TCU’s only goal at Liberty Bowl is to win, Gary Patterson says
Just to make it clear, TCU coach Gary Patterson is playing to win Friday against Georgia in the Liberty Bowl.
Not look at younger players. Not experiment for spring football. Not pick up some nice gifts and go home.
Nope, just win.
“Everybody does it different. It is a reward for your players. But I’ve never been to a bowl game that when it’s all said and done that if you didn’t win it, that you had a great feeling leaving it,” the veteran Horned Frogs coach said Thursday at his press conference. “You may have had a great experience, but you didn’t have a good feeling. We’ve lost a Fiesta Bowl, we’ve won a Rose Bowl. You go down the years, there’s no substitute for winning, I don’t think. Because that’s what your kids leave with and what they take into the spring — what you did and what you got accomplished at your bowl site.”
Patterson, whose team enters the 11 a.m. kickoff with a 6-6 record, was asked the difference between 6-7 and 7-6.
“Makes a lot of difference to me. Winning, there’s no substitute for winning,” he said.
Patterson said TCU will go into the game with 12 practices, less than he preferred because the Armed Forces Bowl schedule at Amon G. Carter Stadium eliminated one day.
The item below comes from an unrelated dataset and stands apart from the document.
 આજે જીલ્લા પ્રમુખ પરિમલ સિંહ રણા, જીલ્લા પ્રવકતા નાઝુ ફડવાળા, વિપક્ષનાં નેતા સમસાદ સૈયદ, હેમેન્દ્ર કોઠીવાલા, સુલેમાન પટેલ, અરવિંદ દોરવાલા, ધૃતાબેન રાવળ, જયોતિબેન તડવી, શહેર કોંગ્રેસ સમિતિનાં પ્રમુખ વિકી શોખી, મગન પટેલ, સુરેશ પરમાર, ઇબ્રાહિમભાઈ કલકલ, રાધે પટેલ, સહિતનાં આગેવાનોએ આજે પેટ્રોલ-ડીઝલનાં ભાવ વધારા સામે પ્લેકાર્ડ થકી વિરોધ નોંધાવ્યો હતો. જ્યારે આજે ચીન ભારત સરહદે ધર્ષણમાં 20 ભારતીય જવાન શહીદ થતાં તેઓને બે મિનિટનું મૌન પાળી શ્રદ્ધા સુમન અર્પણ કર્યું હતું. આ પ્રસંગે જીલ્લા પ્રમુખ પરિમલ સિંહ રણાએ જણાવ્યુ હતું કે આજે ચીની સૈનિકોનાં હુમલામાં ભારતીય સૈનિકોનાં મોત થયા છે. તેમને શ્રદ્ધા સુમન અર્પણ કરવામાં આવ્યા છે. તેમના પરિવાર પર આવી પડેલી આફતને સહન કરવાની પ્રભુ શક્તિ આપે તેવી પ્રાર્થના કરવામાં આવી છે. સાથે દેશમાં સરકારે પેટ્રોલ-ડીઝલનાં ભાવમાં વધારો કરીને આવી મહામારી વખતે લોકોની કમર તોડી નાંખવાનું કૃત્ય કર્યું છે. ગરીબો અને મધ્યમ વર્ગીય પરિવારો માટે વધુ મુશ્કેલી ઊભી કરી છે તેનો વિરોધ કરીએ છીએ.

He said he also would have liked three practices in Memphis rather than two, but that Wednesday’s work in cool, misty weather was very good.
“We’re playing to win here,” he said. “Whether we can or not, I don’t know. Definitely that’s the whole goal, the way we set up practices — and it’s always been the way we set up practices. Early, it’s going to be very physical and later you pull them back and get your legs and shoulders ready to go.”
TCU has won eight of its past 10 bowl appearances and is 9-5 in bowls with Patterson as head coach.